Senator Josh Hawley (R-MO) blasted FBI Deputy Director Paul Abbate for the FBI’s repeated abuse of authority, running “278,000 unwarranted, probably illegal queries on Americans.” Abbate claims that “likely all” of these queries were “unintentional.”
Bipartisan worries: It’s not just the Dems. Senator Lindsey Graham (R-SC), the Committee’s GOP ‘heavyweight,’ jumped on board, pressing the FBI to “prove to this committee that when you query about American citizens in that system that you’re not just being lazy, getting around the law, and that these abuses need to stop.”
The inside look: The FBI’s Deputy Director Paul Abbate and Assistant Attorney General Matthew Olsen were in the hot seats. They walked through their playbook of reforms — attorney eyeballs on searches and an “opt-in” feature for 702 searches. Olsen alleged that US person queries plummeted by 90% from 2021 to 2022.
Not enough: Abbate threw in two more goodies: a “three-strike” rule and a peek at how bosses are checking on compliance. But the Senate didn’t bite.
The skeptics speak: Sen. Mike Lee (R-UT) called foul, railing that the FBI has “shown us repeatedly for more than a decade that they cannot be trusted” and blasted its “shocking disregard for Americans’ privacy rights and civil liberties.”
Pushback: Olsen hit back, arguing a warrant mandate “is not workable and not legally required,” and would leave national security hanging.

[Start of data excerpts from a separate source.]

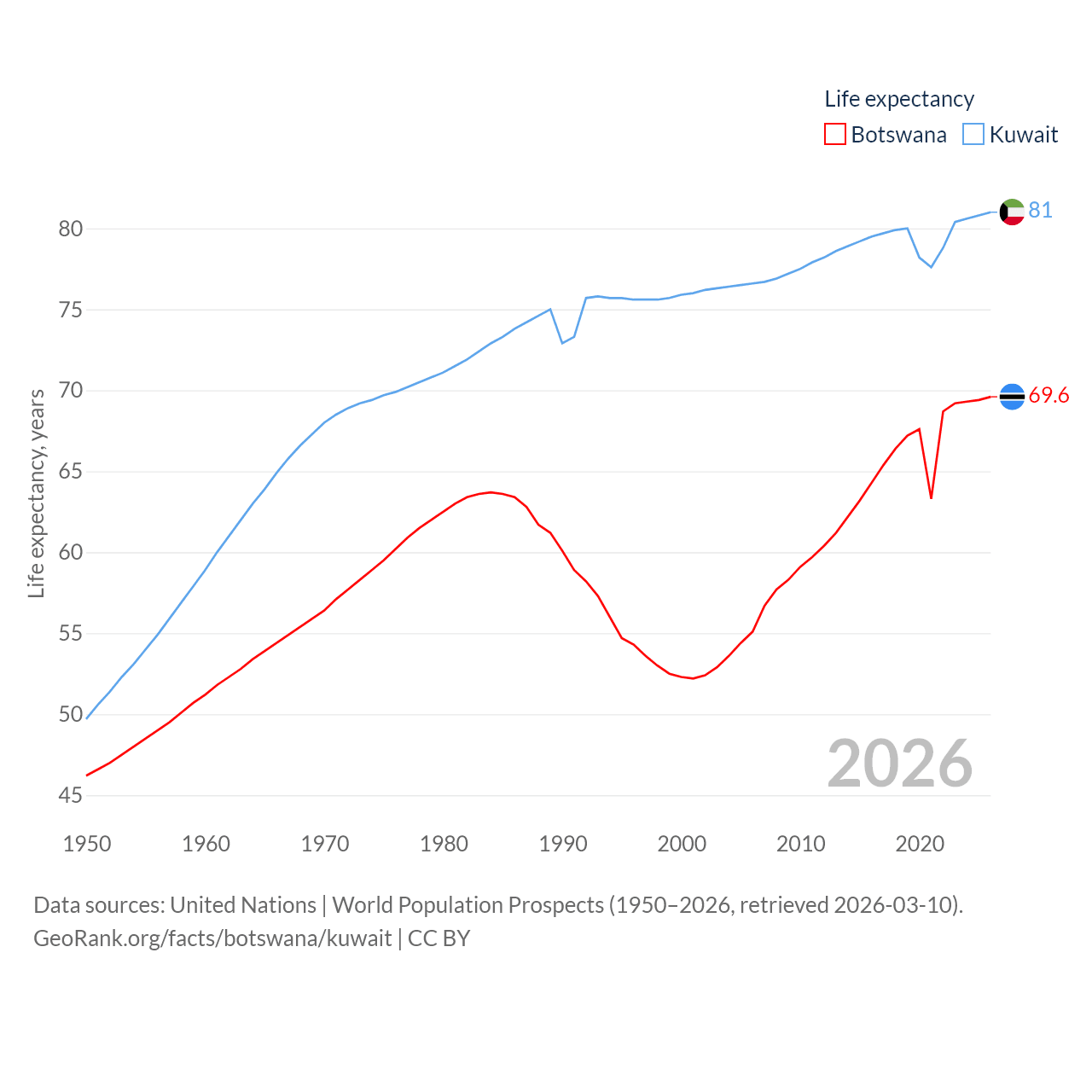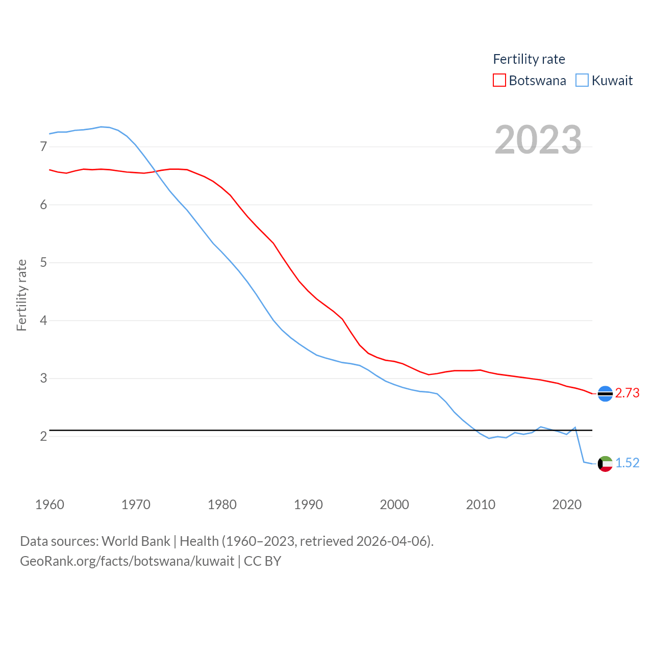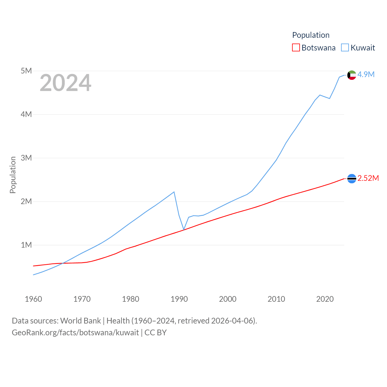 Botswana has a population of 2.52M (ranked 142/197), compared with 4.9M in Kuwait (ranked 127/197). Botswana's land area is 218,816 sq mi versus 6,880 sq mi for Kuwait (ranked 47th vs. 153rd).
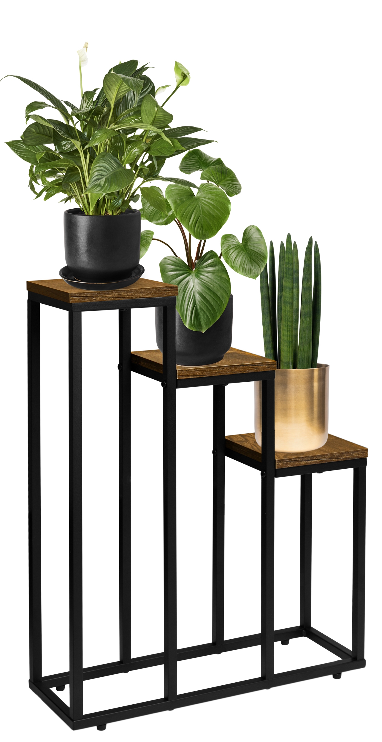 Loren to kwietnik wykonany z solidnej, malowanej proszkowo stali oraz płyty laminowanej w kolorze postarzanego dębu. Ma prosty i atrakcyjny design, który pasuje do różnych wnętrz, w tym stylu loftowego, klasycznego i industrialnego. Dzięki wytrzymałej stalowej konstrukcji oraz stabilnym półkom, kwietnik utrzymuje nawet ciężkie kwiaty i dekoracje. Jest również wyposażony w ochronne podkładki i wykonany z najwyższej jakości materiałów. Pallen to idealny wybór dla osób, które chcą eksponować swoje rośliny w wyjątkowy sposób.
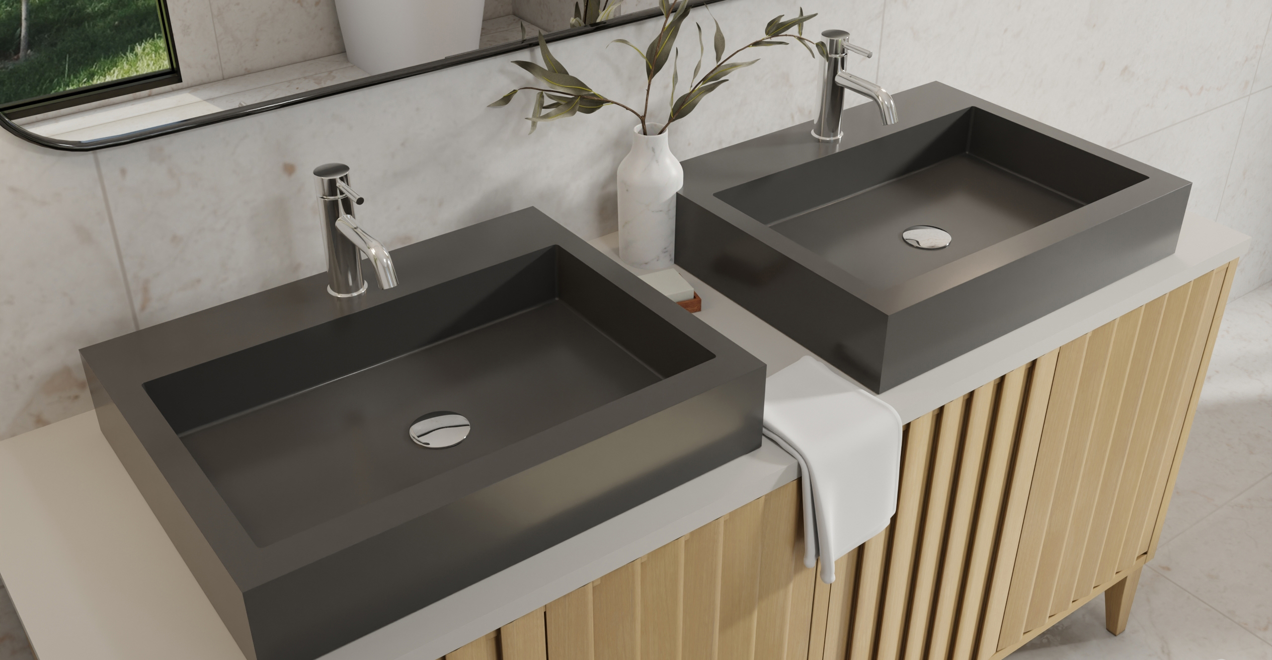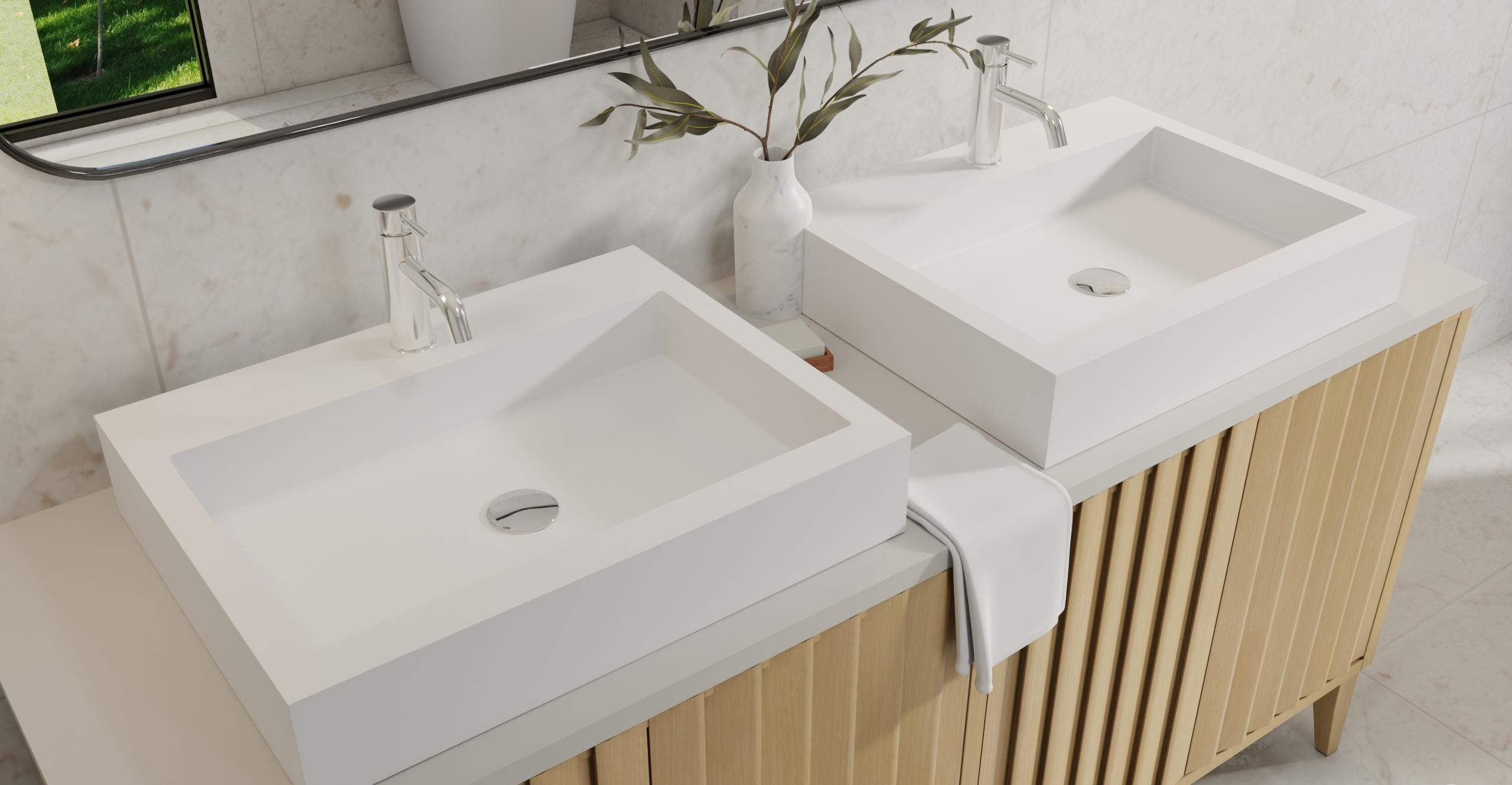 Badeloft countertop sinks are crafted from premium stone resin or SUS 304 stainless steel, offering durability and elegance for modern and classic bathrooms alike. Stone resin provides a seamless, non-porous surface that resists stains and scratches, while our stainless steel models feature a PVD coating for enhanced corrosion and rust resistance. Both materials ensure long-lasting performance and a sleek, refined aesthetic.
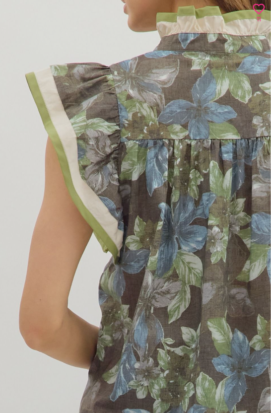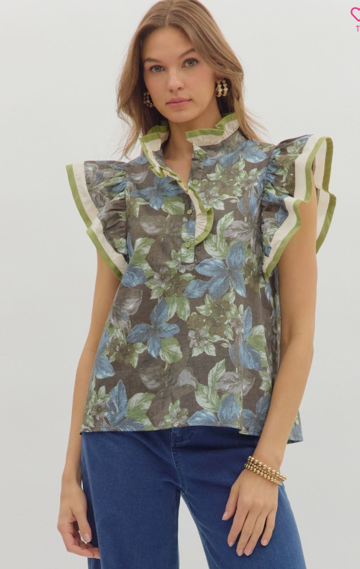 Floral print multicolor contrast accent ruffle detail flutter sleeve top. Ruffle band collar button closure at front. Unlined. Woven. Non-sheer. Lightweight.

But Olsen and Abbate did nod to locking recent reforms into law.
Last word: Durbin brought down the hammer, underlining that the reform menu doesn’t make the cut for renewing Section 702, and prodded the FBI to come back with more.
The big picture: With Dems and the GOP finding shared angst over civil liberties, the Biden team has to steer through choppy currents to lock down the re-up on this disaster of a surveillance program.